- Researchers found more than 35,000 compromised sites
- Sites bar malicious code that took over the browser window
- Visitors were served casino landing pages
More than 35,000 sites have been compromised in a larger hacking campaign that saw users redirected to malicious pages or possibly even earned malware, experts have warned.
A report from CyberSecurity scientists on C/Side Detail not to whom attackers are, except to say they could be linked to the megal layer utilization.
They also did not discuss how the threat actors managed to compromise on these tens of thousands of websites, but when the striker gained access, they used it to inject a malicious script from a list of websites.
Hiding for scientists
“When the manuscript is loaded, it fully hijacks the user’s browser window – often redirecting them to pages promoting a Chinese language game (or casino) platform,” the researchers explained.

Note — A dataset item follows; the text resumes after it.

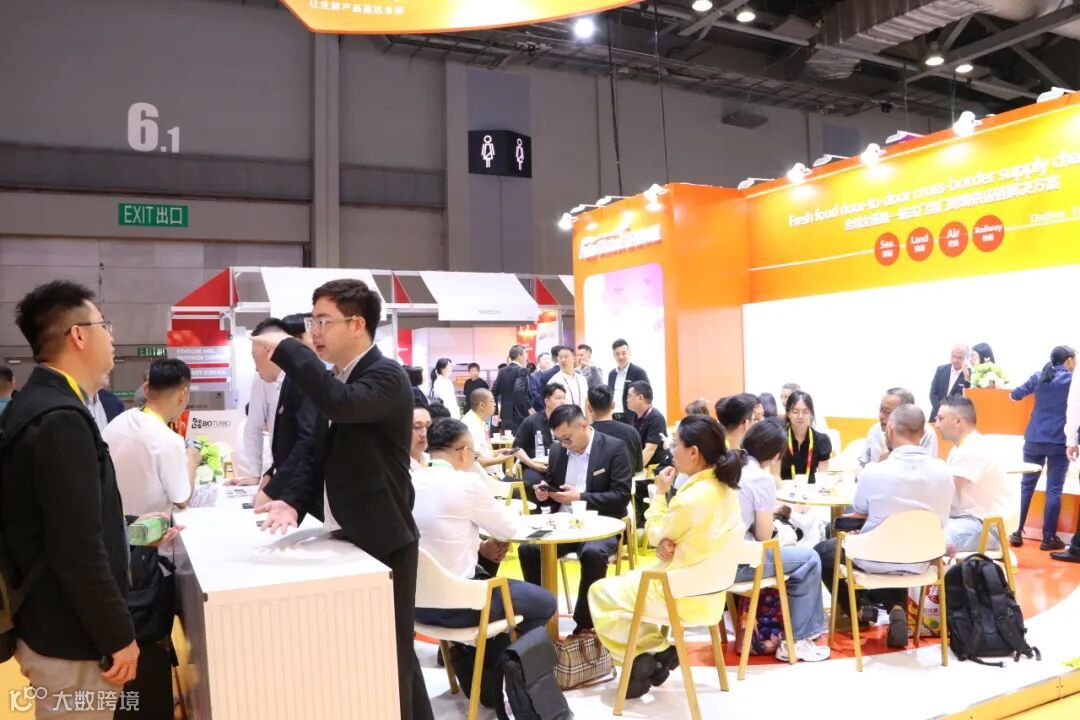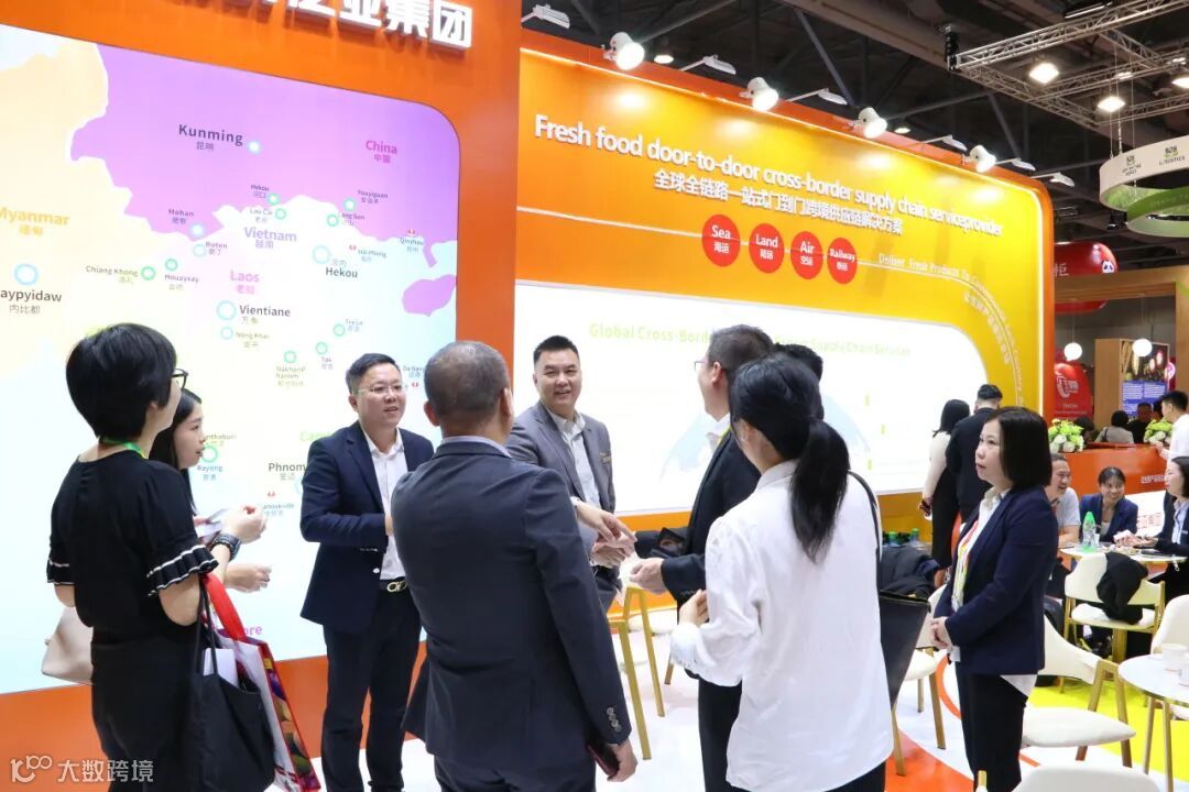 集团本次的展台以活力明快的橙黄色调为主,步入展台, “一路领鲜” 陆运柜装置格外醒目,搭配多重结构的环形流线吊顶,造型感十足。洽谈区展示画面清晰标注泰国、越南、老挝等东南亚生鲜产地,以及广西、云南等国内西南核心区位,直观聚焦东南亚与西南地区陆运及陆铁联运核心业务,快速吸引参展观众关注。

The attackers are probably Chinese as they come from regions where Mandarin is common and as the final landing pages present game content under the Kaiyun brand.
The tens of thousands of compromised sites operated a few variants of game watering pages, it was explained. Some IPs and regions were served a static side and said access is blocked. This believes that researchers are to prevent security researchers from discovering the attack.
C/Side believes that the campaign is related to Megalayer utilization as it is known for distributing Chinese-linguistic malware contains the same domain patterns and the same connectivity tactics.
To protect sites from these exploits, C/Side IT teams advise to revise their source code and block malicious domains or use firewall rules for zuizhongjs[.]com,
P11VT3[.]VIP and associated subdomains. They should also monitor logs for unexpected outgoing requests for these domains, check for unauthorized changes, limit scripts to only trusted domains with a well -defined CSP and often scan sites with tools such as Publicww or URLSCAN.